_What you have to do_.
Copy the lines below exactly, starting at the one with "Condition Excellent +" and ending at the one with "送料無料 3 個スクエアジルコンステンレス鋼フープイヤリングセット女性パンクハギーピアスジュエリーウェディングパーティー記念日", and leave out any picture.

_Study material_.

-----

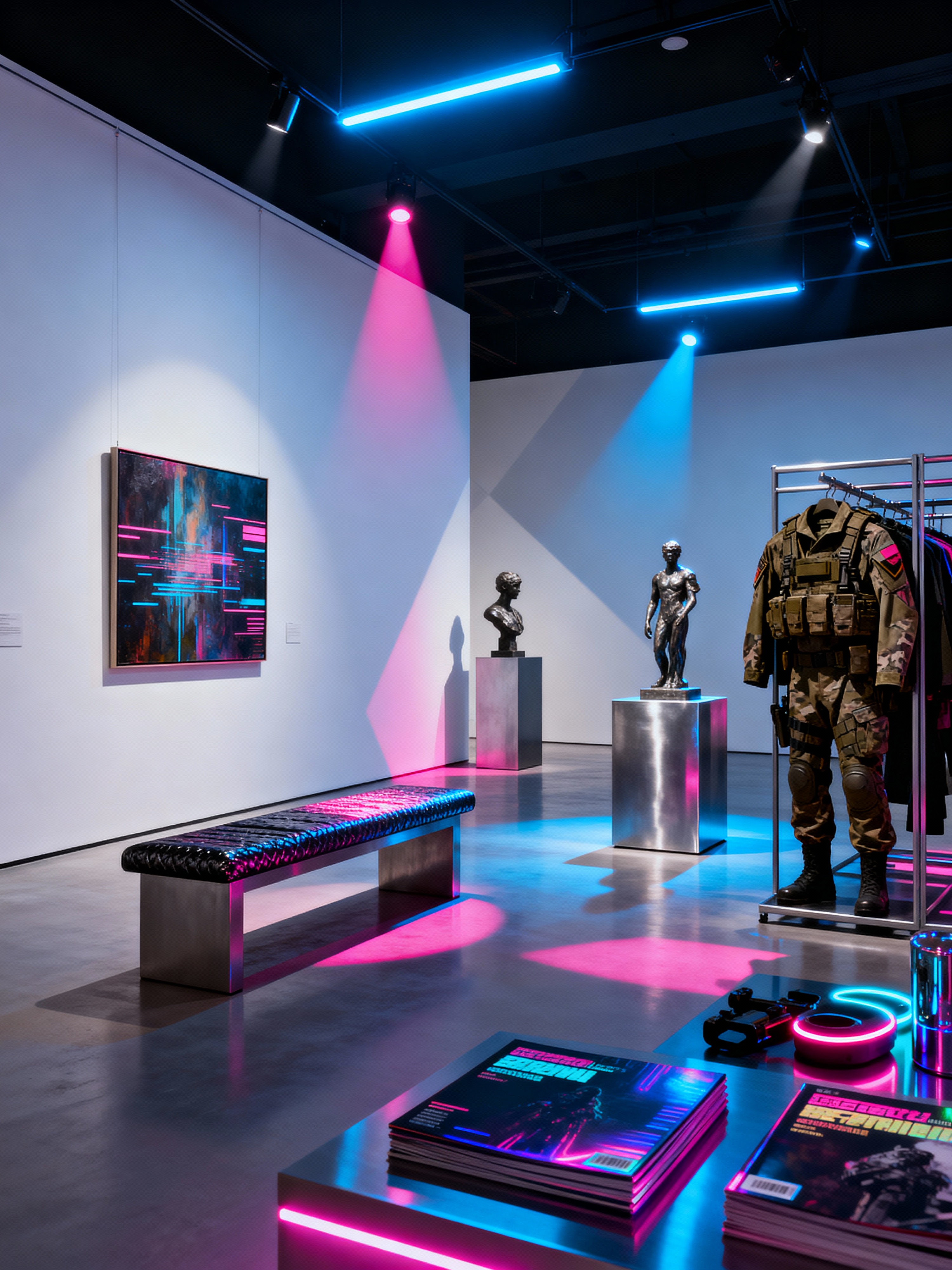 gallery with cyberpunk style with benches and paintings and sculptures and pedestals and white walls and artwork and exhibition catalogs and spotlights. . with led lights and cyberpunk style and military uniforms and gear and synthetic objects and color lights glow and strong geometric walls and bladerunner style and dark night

-----

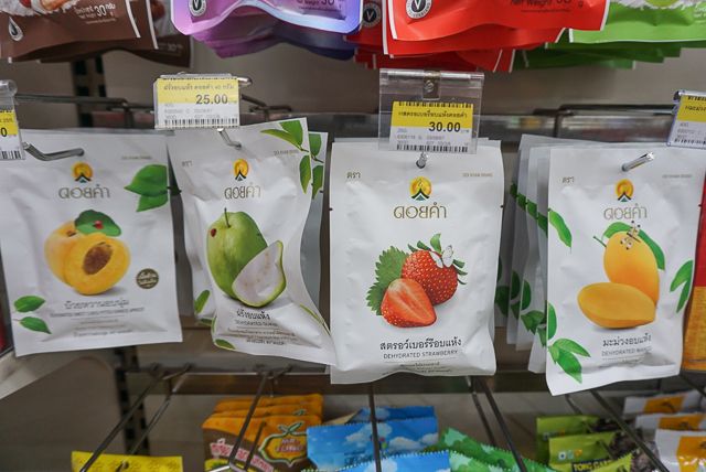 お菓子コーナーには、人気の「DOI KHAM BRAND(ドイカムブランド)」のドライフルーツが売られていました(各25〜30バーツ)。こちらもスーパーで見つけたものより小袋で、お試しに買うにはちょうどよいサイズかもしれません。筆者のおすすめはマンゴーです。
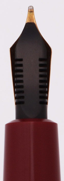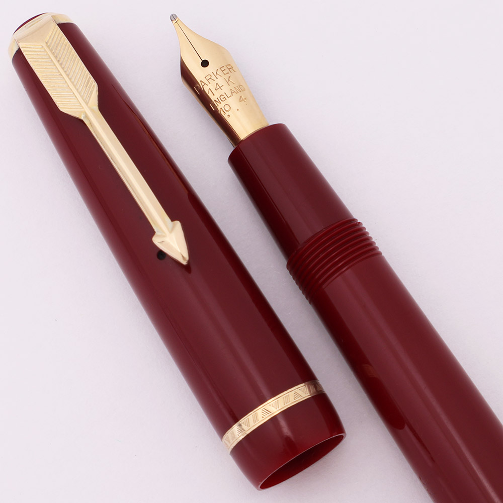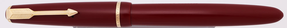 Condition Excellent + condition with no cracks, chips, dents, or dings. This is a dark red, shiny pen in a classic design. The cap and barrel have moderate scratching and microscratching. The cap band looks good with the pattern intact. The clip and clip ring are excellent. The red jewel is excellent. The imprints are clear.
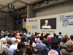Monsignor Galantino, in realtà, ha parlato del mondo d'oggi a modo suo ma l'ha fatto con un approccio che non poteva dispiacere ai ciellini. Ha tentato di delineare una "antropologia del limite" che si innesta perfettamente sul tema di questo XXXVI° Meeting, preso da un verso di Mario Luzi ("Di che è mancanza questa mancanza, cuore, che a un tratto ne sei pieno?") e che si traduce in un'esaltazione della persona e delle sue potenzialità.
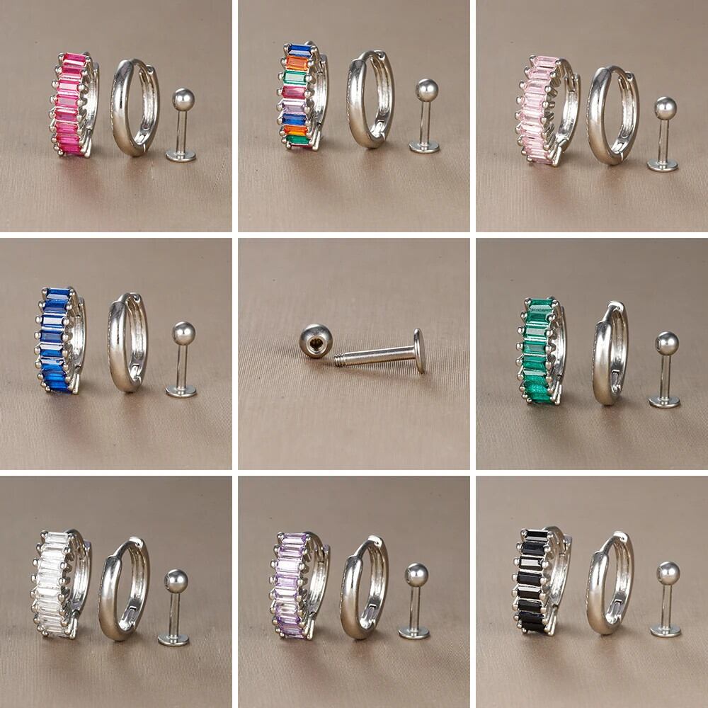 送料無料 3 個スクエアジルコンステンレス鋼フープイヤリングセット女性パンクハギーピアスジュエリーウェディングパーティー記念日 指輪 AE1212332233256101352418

-----

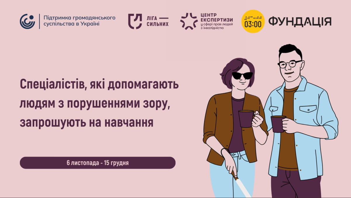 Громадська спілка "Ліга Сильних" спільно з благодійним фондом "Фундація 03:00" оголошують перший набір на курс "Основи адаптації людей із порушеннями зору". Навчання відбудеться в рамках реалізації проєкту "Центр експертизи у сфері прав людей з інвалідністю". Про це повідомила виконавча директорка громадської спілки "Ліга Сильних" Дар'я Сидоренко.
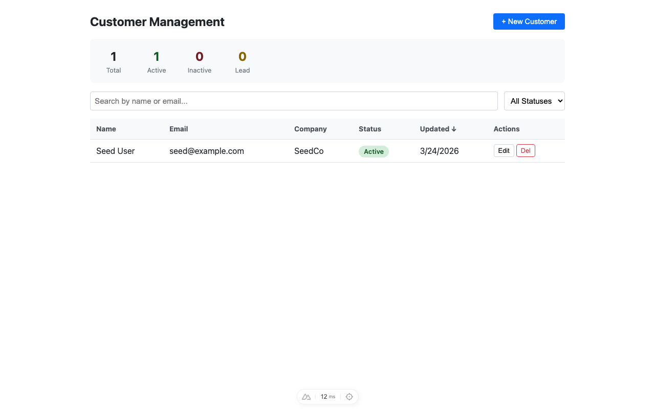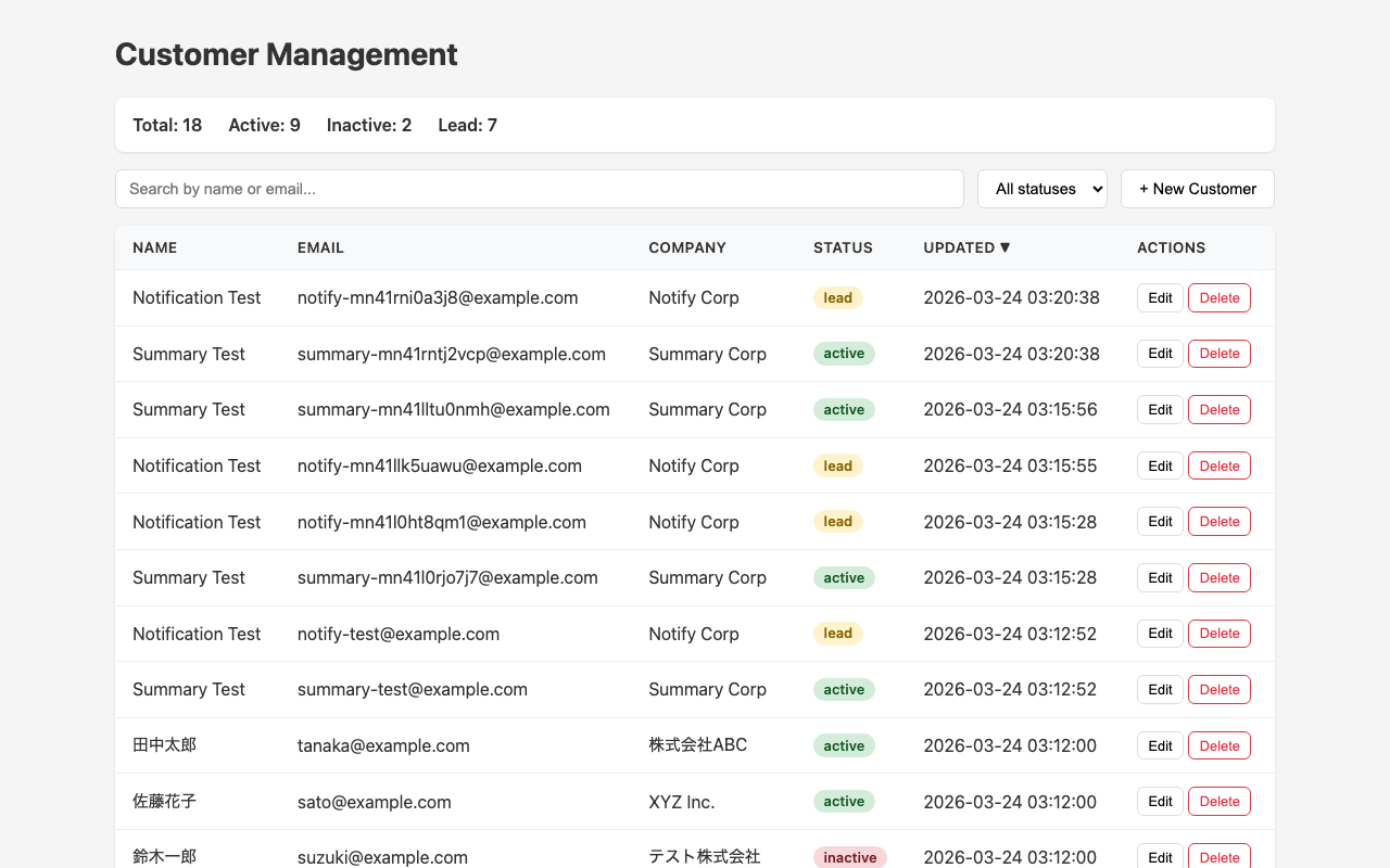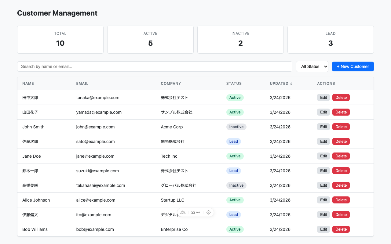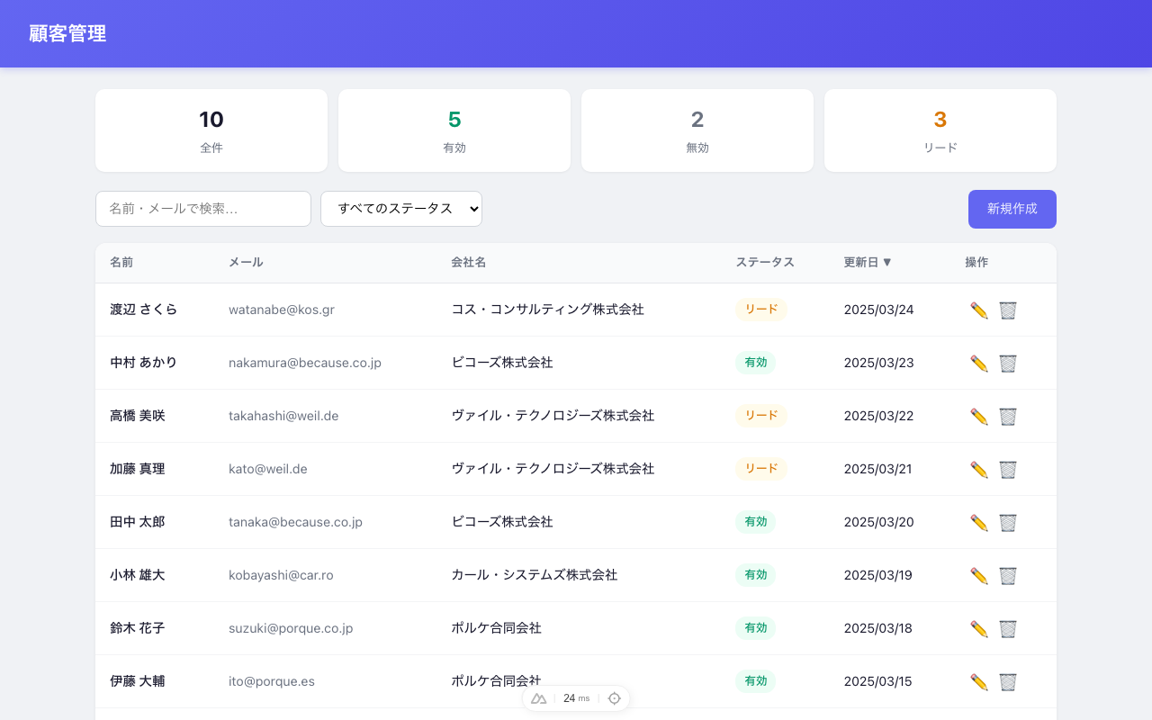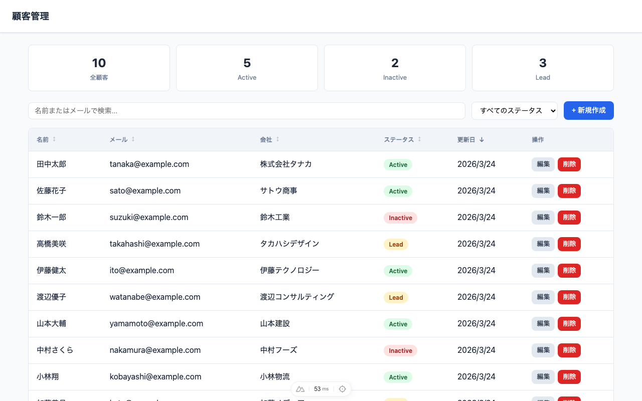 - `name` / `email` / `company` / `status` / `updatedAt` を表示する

-----

_Response_.
 Condition Excellent + condition with no cracks, chips, dents, or dings. This is a dark red, shiny pen in a classic design. The cap and barrel have moderate scratching and microscratching. The cap band looks good with the pattern intact. The clip and clip ring are excellent. The red jewel is excellent. The imprints are clear.
Monsignor Galantino, in realtà, ha parlato del mondo d'oggi a modo suo ma l'ha fatto con un approccio che non poteva dispiacere ai ciellini. Ha tentato di delineare una "antropologia del limite" che si innesta perfettamente sul tema di questo XXXVI° Meeting, preso da un verso di Mario Luzi ("Di che è mancanza questa mancanza, cuore, che a un tratto ne sei pieno?") e che si traduce in un'esaltazione della persona e delle sue potenzialità.
 送料無料 3 個スクエアジルコンステンレス鋼フープイヤリングセット女性パンクハギーピアスジュエリーウェディングパーティー記念日 指輪 AE1212332233256101352418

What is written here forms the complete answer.